The two islands actually aren’t all that far apart but there are only so many places you can park a ferry terminal so the crossing is longer than most might think.
So, I set off from my place in the dark to get to an early ferry in Wellington. Here’s my first tip. If you are taking a ferry, there are two companies operating. The Interislander and the Bluebridge. You choose which you prefer. If you choose the Interislander, sign up for their loyalty programme, ‘Nautical Miles’. It only costs $25 a year but you get a free premium lounge pass worth $40 for one crossing and you get priority boarding. So there’s free stuff right there. There are other benefits but priority boarding alone is worth it.

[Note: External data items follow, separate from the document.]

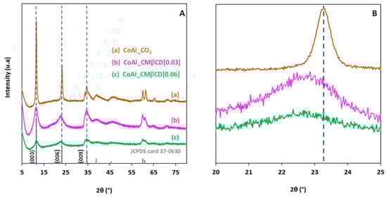 XRD patterns of the CoAl LDH materials prepared with and without CMβCD at (A) [5–80] 2θ range and (B) [20–25] 2θ range. The diffraction peaks of the JCPDS card number 37-0630 are included for comparison purposes.
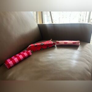 Trio of Estee Lauder cosmetic bags. Features a vibrant red bag with fun designs, a pink bag with bold stripes, and a pink bag adorned with lip prints. Ideal for makeup organization. Estee Lauder Eyes, Hearts, Lips Wing Lipsticks and Kisses 3 Cosmetic Bags 💕♥️🫦Set of 3!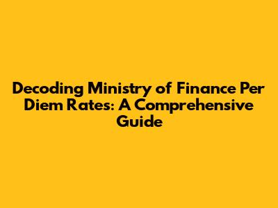 Hey there, finance enthusiasts and travel-savvy individuals! Ever wondered how the Ministry of Finance calculates those per diem rates? Well, buckle up, because we're diving deep into the world of per diem allowances, dissecting everything from the basics to the nitty-gritty details. Whether you're a government employee, a contractor, or just plain curious, understanding these rates is crucial for accurate budgeting, expense reporting, and, ultimately, getting the most out of your travel. This article will be your go-to resource, breaking down complex concepts into easy-to-digest chunks, so you can navigate the Ministry of Finance's per diem landscape with confidence. We will explore how these rates are determined, what they cover, and how they impact your finances. Let's get started!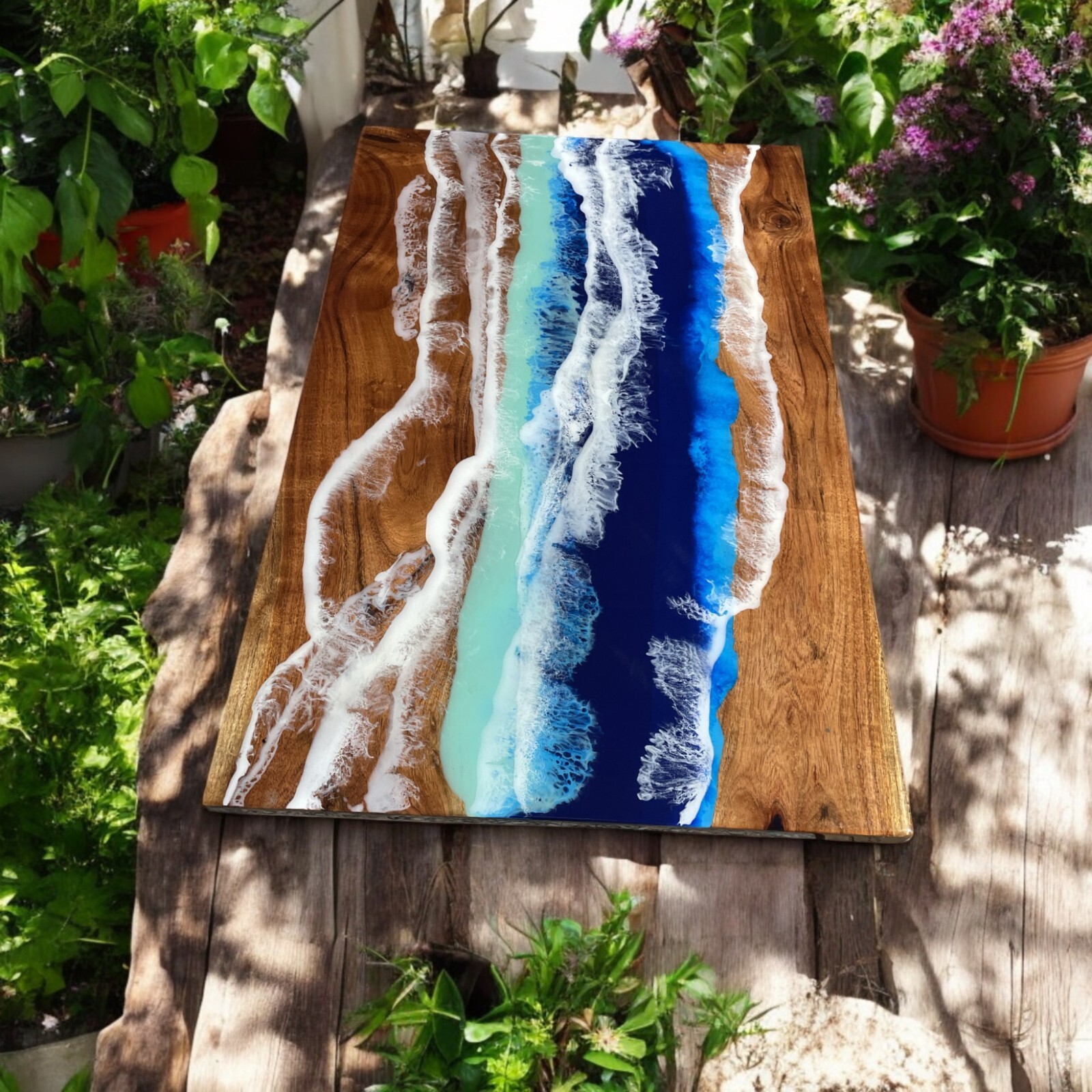 This stunning ocean epoxy resin dining table is a true showstopper! The elegant wave design looks like liquid art frozen in time, blending beautifully with the natural wood grain. The 48"x30" size is perfect for intimate dinners or entertaining guests, while the 16.5" stand height creates an ideal dining position. I love how each piece is uniquely crafted - the slight variations in epoxy color and wood patterns make it feel like a one-of-a-kind artwork rather than mass-produced furniture. The craftsmanship is exceptional, with smooth surfaces and flawless resin work. It's become the centerpiece of my dining room, constantly drawing compliments from visitors. While it may not match the photos exactly, the quality and beauty exceed expectations!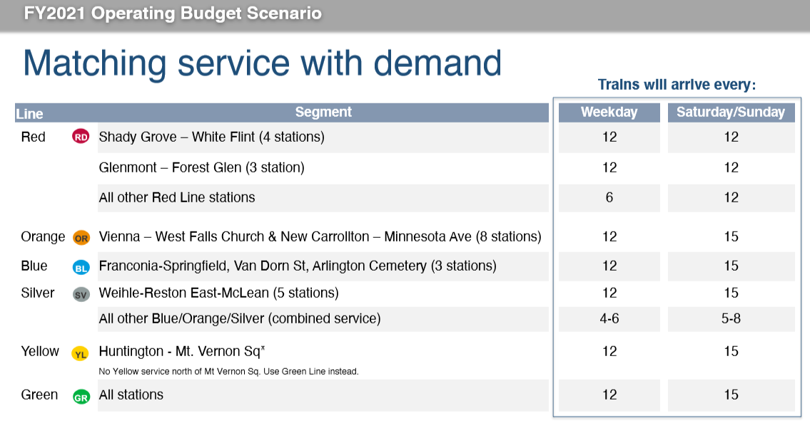 The Red Line Grosvenor and Silver Spring turnbacks and Yellow Line turnback at Mt. Vernon Square would also likely be reinstituted. The turnbacks reverse some trains that are not as full toward the end of the lines.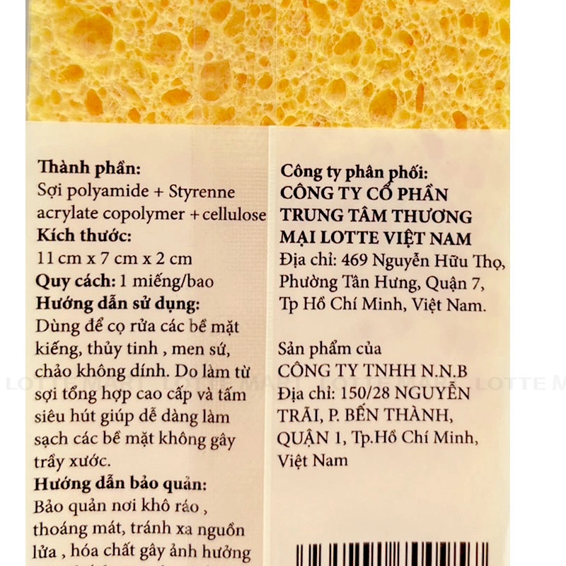 - Sản phẩm với cấu tạo 2 lớp bọt biển mềm mại cho khả năng hấp thụ nước tốt, trong khi lớp nhám giúp tẩy rửa hiệu quả mà không làm xước bề mặt.
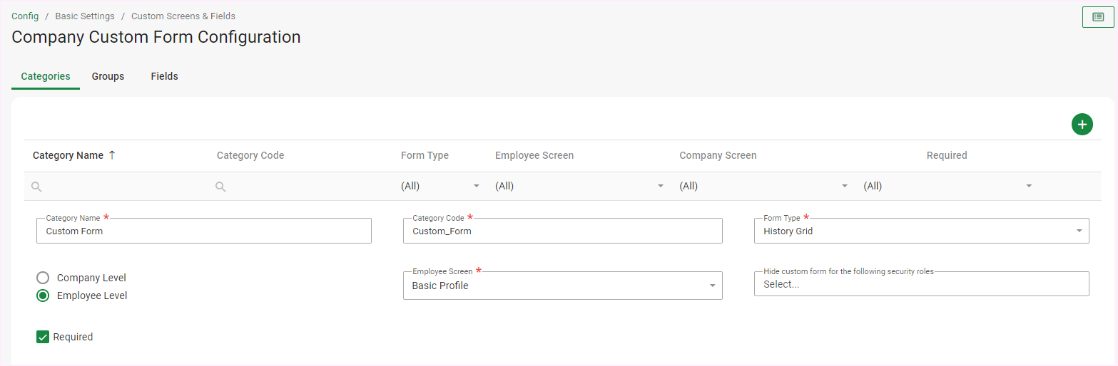 Navigate > Configuration > Basic Settings > Custom Screens & Fields > Custom Form Configuration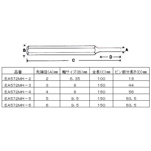 ESCO(エスコ) 3.0x150mm ピンポンチ EA572MH-3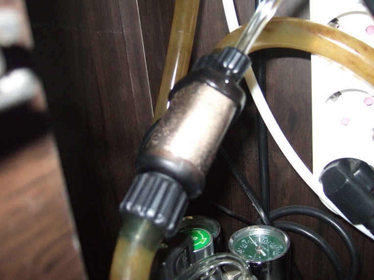 설치 순서는 Co2 솔레노이드 -> 미세조절밸브 -> 버블카운터 -> 역류방지벨브 -> 확산기 순서로 했고 Co2 공금 중단 시 세라믹으로 물이 역류하는 것을 감안해 역류방지 벨브를 최대한 확산기에 가깝게 달았다. 일단 2일째 보고 있는데 아직 확산기 내부에 습기만 차는 정도(사진에 펄처럼 반짝거리는 것이 내부에 습기 방울임)이고 물이 새서 고이거나 하지는 않았다.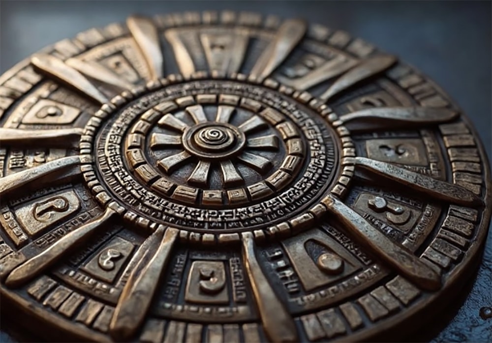 As he unwrapped the old fabric, it crumbled in his hands. Inside was a large bronze disc, tarnished but solid, and clearly very old.

Hope for a smooth crossing, Cook Strait can cut up rough. I’ve crossed with waves crashing over the 8th deck. It’s a large ship.
I personally prefer to stand on the deck for the crossing rather than lounge about inside. There’s a lot to see out there. Albatross, dolphins, seals, even whales if you are lucky. Plus there are the amazing landscapes of the South Island looming in the distance as you sail. There are comfy seats inside if you just want to loaf about though of course.
The Kaikoura Ranges, from Wellington Harbour. Over 200 kilometres away. (Taken in October 2015)
Even if you do stay inside for the crossing. Go out to watch as you pass into the Marlborough Sounds through the Tory Channel. It’s a narrow channel where the churning ocean changes to become millpond calm as you enter the sounds. You’ll sail down Queen Charlotte Sound towards Picton for an hour or so. It’s unbelievably beautiful.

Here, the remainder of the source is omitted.